Dr. Thomas noted that the National Mobile Health Insurance Programme (NMHIP) is a game changer that will revolutionize the industry and establish the Scheme as the heartbeat of the health sector. He disclosed that the digitalization of the health insurance industry, which is currently being processed, is one of the latest initiatives to ease public access to the programmes of NHIS, as part of the overall focus on achieving and surpassing the presidential mandate of 30 percent coverage by 2015 and universal health coverage.
“Mobile Health Insurance is a platform for the application of information technology in the operations of the NHIS, and it involves automatic online registration including choice of HCFs and HMOs. Modalities are in place to eliminate fraud in the process by facilitating identification, using telephone numbers, NHIS number or thumb print, as the case may be, through a central Health Insurance Information Exchange that transmits all related transactions to relevant stakeholders.

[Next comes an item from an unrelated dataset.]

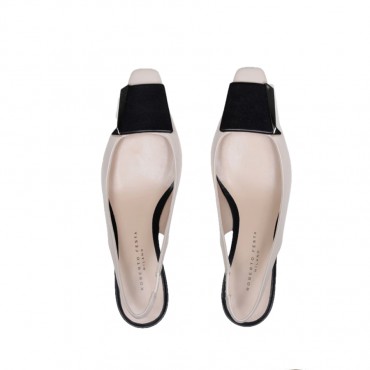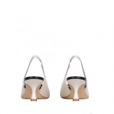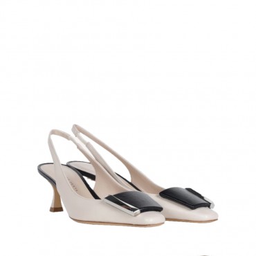 Arienne è una slingback bicolore in pelle, caratterizzata da un elegante contrasto tra il color butter e il nero. Con un tacco di 50 mm, offre il perfetto mix tra comfort e stile. L’accessorio rivestito in punta, a contrasto con la tomaia, è impreziosito da un dettaglio in metallo che aggiunge un tocco moderno e raffinato. Ideale per chi cerca un look chic e versatile, Arienne è perfetta per completare outfit da giorno o serali con un’eleganza distintiva e sofisticata.

“The programme will leapfrog health insurance coverage, while eliminating the critical delays associated with operations in areas of registration, encounter data collection, referral, subsidy gap funding, monitoring and quality assurance,” Dr. Thomas said at an earlier interview.
Vincent Forlenza, CEO and Chairman, Becton, Dickinson and Company noted that It is not the lack of good ideas but effective operating and delivery models that challenge the uptake of leapfrogging.
For Dr. Ola Soyinka, commissioner for Health, Ogun State, Leapfrogging means going back to basics for us – strengthen Primary Healthcare Centres as foundation of an ideal health system.
Although governments and the private sector often acknowledge the importance of healthcare in emerging economies, analysts believe that they often fail to deliver quality, affordable care. Barriers to providing such care include unclear definitions of effective delivery systems, misalignment of incentives between public and private partners and an overall lack of coordination.
Overcoming these barriers, analysts call for new strategies for designing leapfrogging packages, creating new operating models and delivery systems. Pertinent issues remains how can a package of mutually-reinforcing leapfrogging initiatives be designed: what operating models must be developed to ensure successful implementation and how can well designed leapfrogging packages be delivered and scaled up?
These concepts were applied in two county contexts – Ogun State, Nigeria and South Africa – both with a strong focus on primary care. In the Ogun State case study, a package of mutually reinforcing leapfrogging initiatives was designed in December, 2014. The main component is a universal health insurance scheme that was designed as a first step to strengthen the primary healthcare system. In South Africa, the efforts will be anchored around the government’s plan to make all its primary level clinics ideal.